JAKARTA - Pemerintah Kota Jakarta Barat mulai mencari penguatan dari sisi hukum untuk melindungi perempuan dan anak. Langkah itu ditempuh dengan menggandeng Kongres Advokat Indonesia (KAI), di tengah makin banyaknya persoalan sosial yang menekan kelompok rentan, dari perundungan, kekerasan dalam rumah tangga, hingga dampak pinjaman online dan judi online.
Komitmen itu mengemuka dalam pertemuan KAI dan Pemkot Administrasi Jakarta Barat di Hotel Ciputra, Selasa, 10 Maret. Di forum itu, isu perlindungan perempuan dan anak muncul sebagai perhatian utama, seiring kenyataan bahwa korban paling rentan kerap datang dari dua kelompok tersebut.
Presiden KAI, Dr. Nasrullah Nawawi, mengatakan masalah yang dihadapi saat ini tak bisa dipandang terpisah-pisah. Menurut dia, ketika ketahanan keluarga melemah, pelanggaran hukum lebih mudah muncul, dan perempuan serta anak biasanya menjadi pihak yang pertama menerima dampaknya.
“Ketahanan keluarga adalah kunci utama. Jika edukasi hukum dan komunikasi di tingkat rumah tangga berjalan baik, potensi pelanggaran hukum dapat ditekan secara signifikan,” kata Nasrullah.
BACA JUGA:
Ia menyinggung sederet persoalan yang kini makin dekat dengan kehidupan keluarga, mulai dari bullying, KDRT, hingga jeratan pinjol dan judol. Untuk itu, KAI membentuk Pergumulan Advokat Keluarga, Wanita, dan Anak, sebuah wadah yang disiapkan untuk memperkuat pendampingan hukum bagi korban dengan pendekatan yang lebih peka.
Wali Kota Jakarta Barat, Iin Mutmainah, menyambut baik langkah tersebut. Ia menilai kolaborasi dengan kalangan advokat penting karena pemerintah membutuhkan dukungan dari sisi regulasi agar program perlindungan yang dijalankan tidak lemah dalam pelaksanaan.

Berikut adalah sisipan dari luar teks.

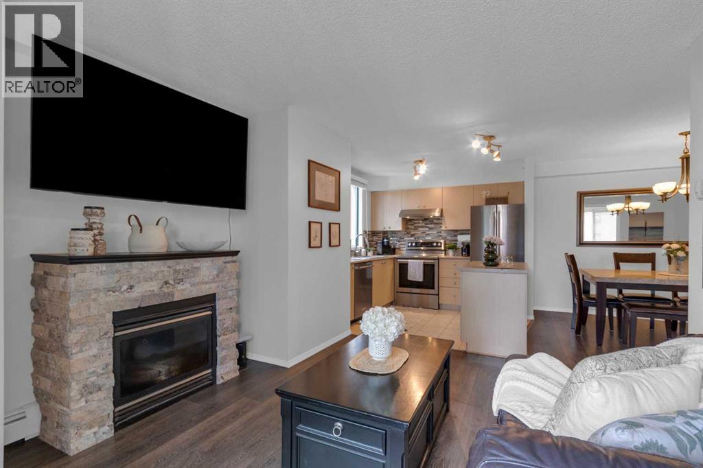 Welcome home to the best priced, 2 bedroom condo in desirable TARJAN PLACE - ALL UTILITIES INCLUDED in your condo fee! This bright END UNIT enjoys north, east & south exposure—so you can enjoy sunrise morning coffee AND sunny afternoons on your balcony with BBQ gas hookup, yes please! Packed with upgrades you’ll love the easy-care vinyl plank flooring, cozy gas fireplace and roomy kitchen with newer KITCHEN AID, STAINLESS STEEL appliances and convenient island for extra prep space. Both bedrooms are well-sized, the 4-pc bath is tidy and functional, and there’s FULL SIZED, in-suite laundry for the win. The building itself adds to your comfort with the convenience of a full-time concierge and the security of a heated underground parking stall. You'll also love the secured package delivery room, bike storage and fitness centre. Step outside and you’re just minutes from the C-Train, Bow River pathways, coffee shops/restaurants and all the energy of Calgary’s downtown core. Additional highlights include a freshly renovated lobby, low condo fees and the cherry on top - FRONT ROW SEATING on your own balcony for the Calgary Stampede Parade every July!Whether you’re starting out, downsizing, or simply looking for a place with personality and warmth in a premier west-end location boasting quick access in/out of downtown, this fantastic condo is ready to welcome you home. Don't miss the virtual tour under the film reel in the top left corner - call your favourite Realtor and book your private viewing today! (id:53676)
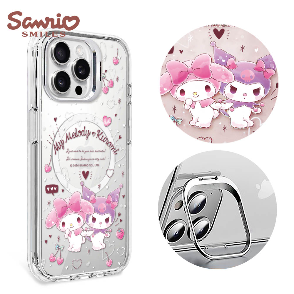 三麗鷗 防震雙料隱形立架磁吸手機殼-花語雙子星(iPhone 17/16/15/14/13/12系列)
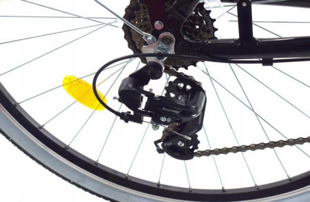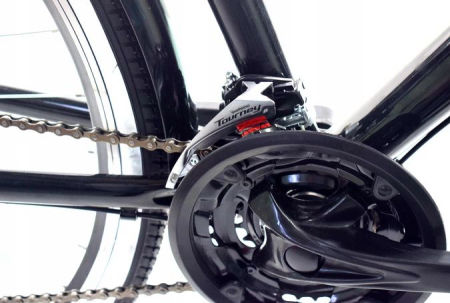 Rower posiada 3-rzędową korbę oraz piasty przednią i tylną wykonaną z aluminium, co przyczynia się do zmniejszenia wagi pojazdu. Stożkowe obręcze oraz opony o wymiarach 28x1,75 zapewniają stabilność i doskonałą przyczepność na różnych nawierzchniach. Regulowana stalowa chromowana kierownica oraz siodło na sprężynie gwarantują komfort jazdy dostosowany do indywidualnych wymagań.
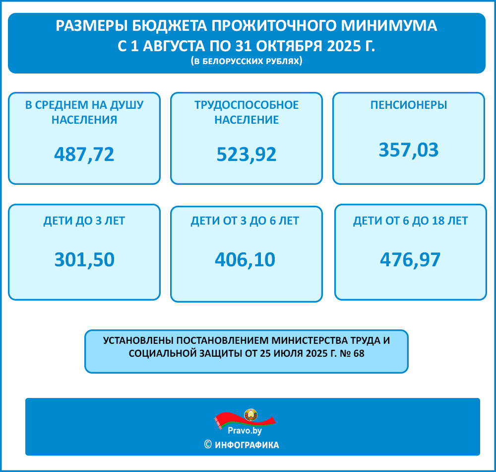 Постановлением Министерства труда и социальной защиты от 25 июля 2025 г. № 68 установлены новые размеры бюджета прожиточного минимума (БПМ) в среднем на душу населения и по основным социально-демографическим группам на период с 1 августа по 31 октября 2025 г.
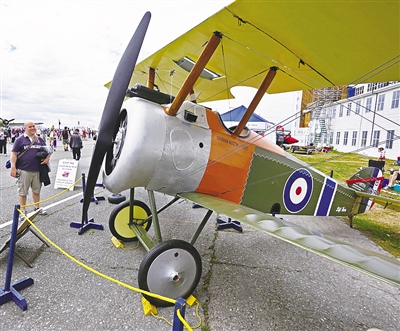 温哥华边界湾航空展日前在加拿大温哥华地区三角洲市开展,今年边界湾航空展为庆祝二战结束70周年展出了多架古董战机,并进行空中飞行表演。图为民众近距离欣赏一架古董飞机。 新华社发
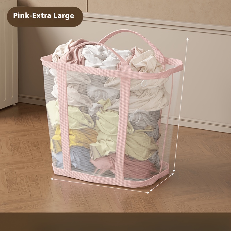 TEMU 스타일 접이식 메쉬 빨래바구니, 사이드 포켓 및 강화 핸들 포함, 옷 보관용, 세탁실·욕실·기숙사·여행용 빨래 액세서리, 내구성 좋은 패브릭 바구니, 빨래바구니|빨래바구니
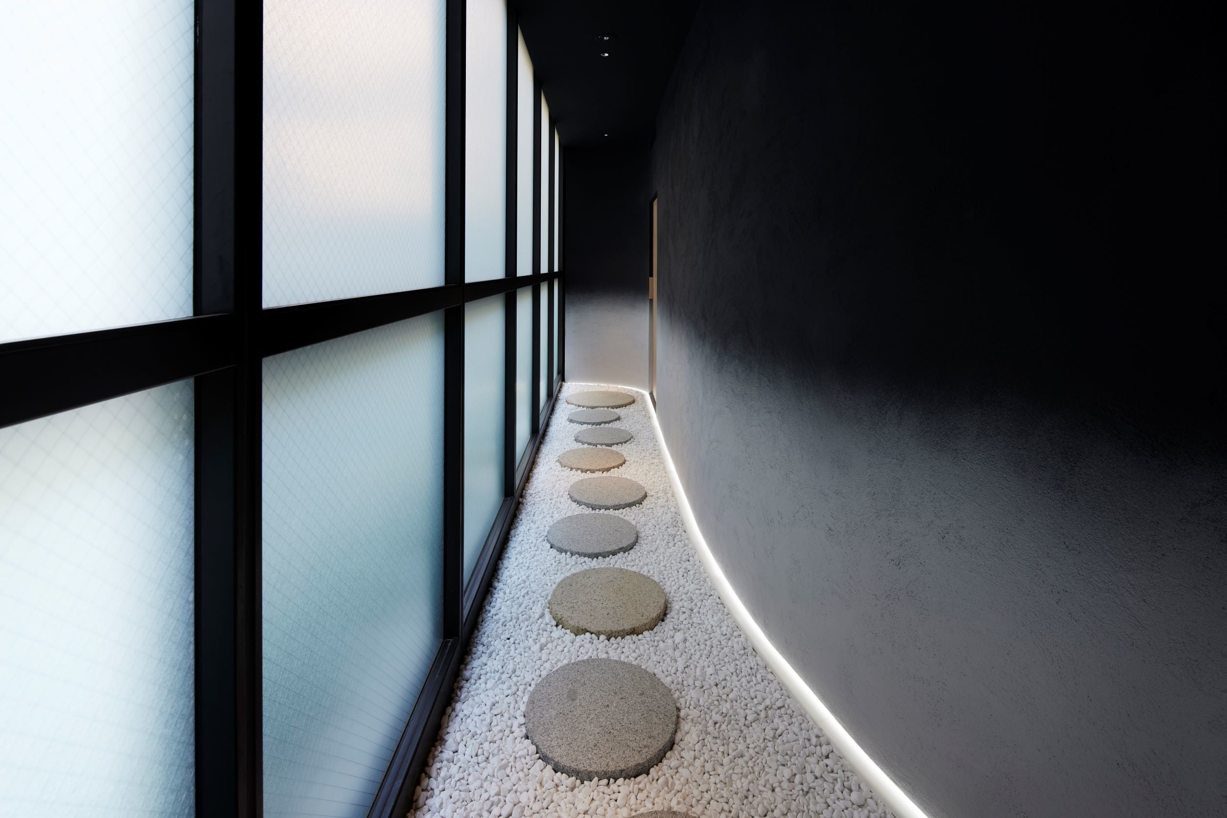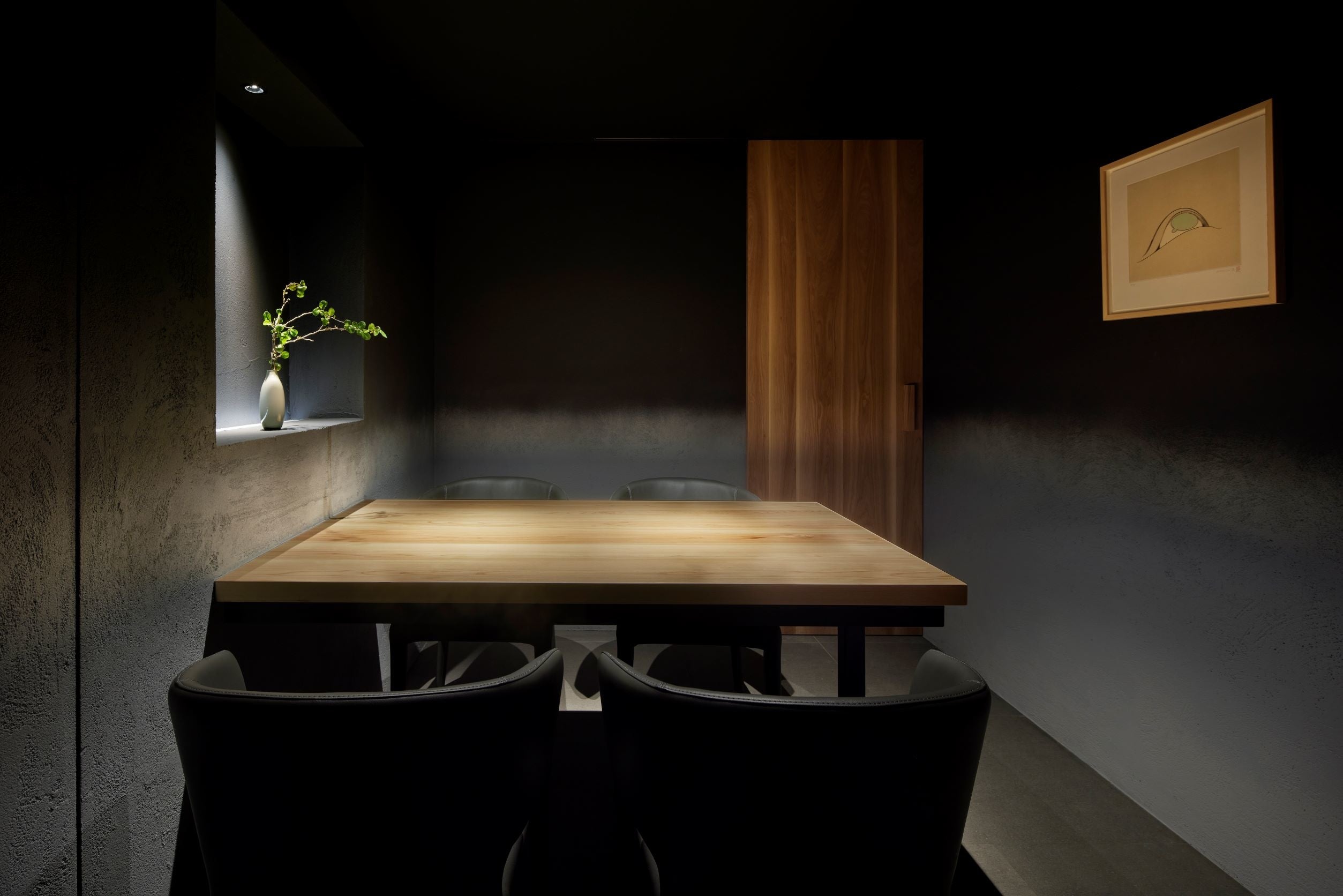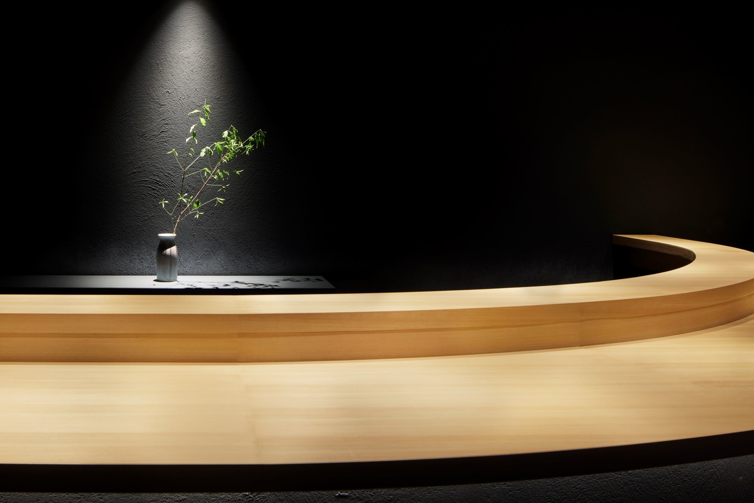 「墨色」をテーマに、研ぎ澄まされた印影のある空間を設計。曲線が特徴的な6席のカウンターと専用の導線とお手洗いを備える4席の個室が会員の方々を出迎えます。

Saat ini, Jakarta Barat sedang mendorong program Sekolah Aman dan Nyaman serta mengaktifkan Pusat Informasi Konseling Remaja di tingkat SMP dan SMA. Program itu diarahkan agar remaja bisa menjadi konselor sebaya bagi teman-temannya, terutama di tengah derasnya arus informasi dari media sosial.
“Kami sangat mensyukuri perhatian KAI terhadap perlindungan perempuan dan anak. Di tengah derasnya arus informasi media sosial, program PIK-R hadir agar remaja bisa menjadi konselor sebaya bagi temannya. Namun, kami di pemerintahan tentu membutuhkan masukan dari aspek hukum agar kebijakan ini memiliki payung regulasi yang kuat,” ujar Iin.
Iin berharap sinergi dengan KAI bisa mempercepat target Jakarta meraih predikat Kota Layak Anak secara paripurna pada 2026-2027. Jakarta Barat sendiri dipilih sebagai locus piloting project untuk kota yang aman dan nyaman bagi anak, perempuan, lansia, disabilitas, dan kelompok rentan lainnya.
“Sinergitas ini adalah kunci. Kami sebagai eksekutif perlu komunikasi secara aspek regulasi agar setiap langkah perlindungan kelompok rentan berada di koridor yang tepat. Mari kita bersama-sama mewujudkan Jakarta Barat yang aman dan nyaman bagi seluruh warga,” kata Iin.
Acara DPD KAI DKI Jakarta itu juga dihadiri Ketua DPD KAI DKI Jakarta Tuti Susilawati, Umar Abdul Aziz, Asisten Pemerintahan Kota Administrasi Jakarta Barat Holi, jajaran Kecamatan Grogol Petamburan, Kasudin Pendidikan Jakarta Barat II Diding, Anggota DPRD Lampung Tengah Toni Sastra, serta Kornelius Naibaho.